=== ASSIGNMENT ===
Write out the entries below exactly as they stand. Skip every image.

======== DATA EXCERPTS ========

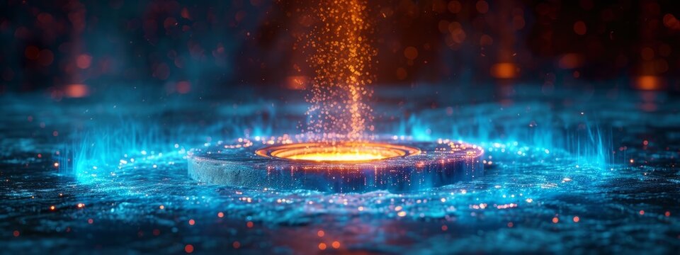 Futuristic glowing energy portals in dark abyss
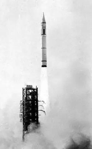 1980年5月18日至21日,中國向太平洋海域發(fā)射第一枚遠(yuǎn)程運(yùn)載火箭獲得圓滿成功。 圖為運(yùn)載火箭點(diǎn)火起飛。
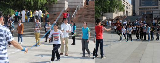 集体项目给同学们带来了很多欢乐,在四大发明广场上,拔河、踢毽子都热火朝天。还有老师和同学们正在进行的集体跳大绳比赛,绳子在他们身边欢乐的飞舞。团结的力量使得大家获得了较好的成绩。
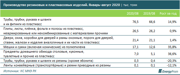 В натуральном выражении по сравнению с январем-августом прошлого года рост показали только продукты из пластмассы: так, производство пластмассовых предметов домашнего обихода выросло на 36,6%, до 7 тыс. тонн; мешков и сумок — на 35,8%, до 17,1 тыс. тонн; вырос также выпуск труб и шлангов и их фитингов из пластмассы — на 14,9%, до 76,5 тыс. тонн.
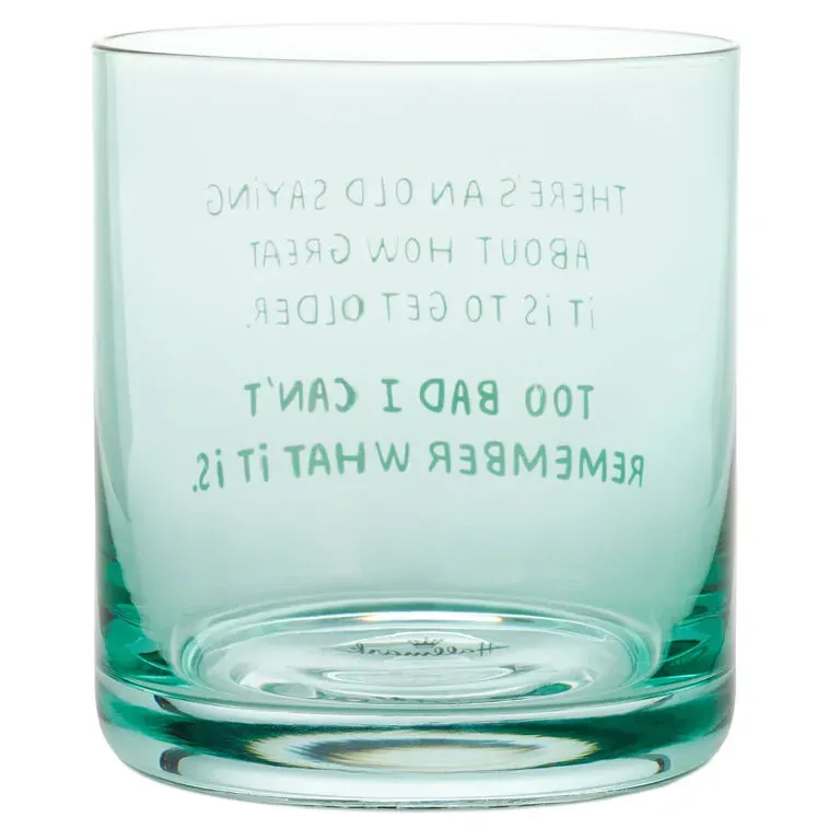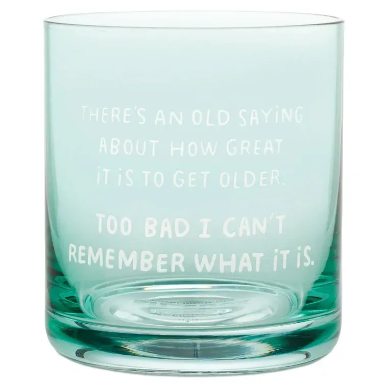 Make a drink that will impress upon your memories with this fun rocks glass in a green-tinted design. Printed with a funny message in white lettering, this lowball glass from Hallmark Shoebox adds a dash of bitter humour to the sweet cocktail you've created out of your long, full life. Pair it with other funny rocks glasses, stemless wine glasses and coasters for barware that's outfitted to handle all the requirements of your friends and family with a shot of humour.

========

=== ANSWER FOR THE TASK ===
 Futuristic glowing energy portals in dark abyss
 1980年5月18日至21日,中國向太平洋海域發(fā)射第一枚遠(yuǎn)程運(yùn)載火箭獲得圓滿成功。 圖為運(yùn)載火箭點(diǎn)火起飛。
 集体项目给同学们带来了很多欢乐,在四大发明广场上,拔河、踢毽子都热火朝天。还有老师和同学们正在进行的集体跳大绳比赛,绳子在他们身边欢乐的飞舞。团结的力量使得大家获得了较好的成绩。
 В натуральном выражении по сравнению с январем-августом прошлого года рост показали только продукты из пластмассы: так, производство пластмассовых предметов домашнего обихода выросло на 36,6%, до 7 тыс. тонн; мешков и сумок — на 35,8%, до 17,1 тыс. тонн; вырос также выпуск труб и шлангов и их фитингов из пластмассы — на 14,9%, до 76,5 тыс. тонн.
 Make a drink that will impress upon your memories with this fun rocks glass in a green-tinted design. Printed with a funny message in white lettering, this lowball glass from Hallmark Shoebox adds a dash of bitter humour to the sweet cocktail you've created out of your long, full life. Pair it with other funny rocks glasses, stemless wine glasses and coasters for barware that's outfitted to handle all the requirements of your friends and family with a shot of humour.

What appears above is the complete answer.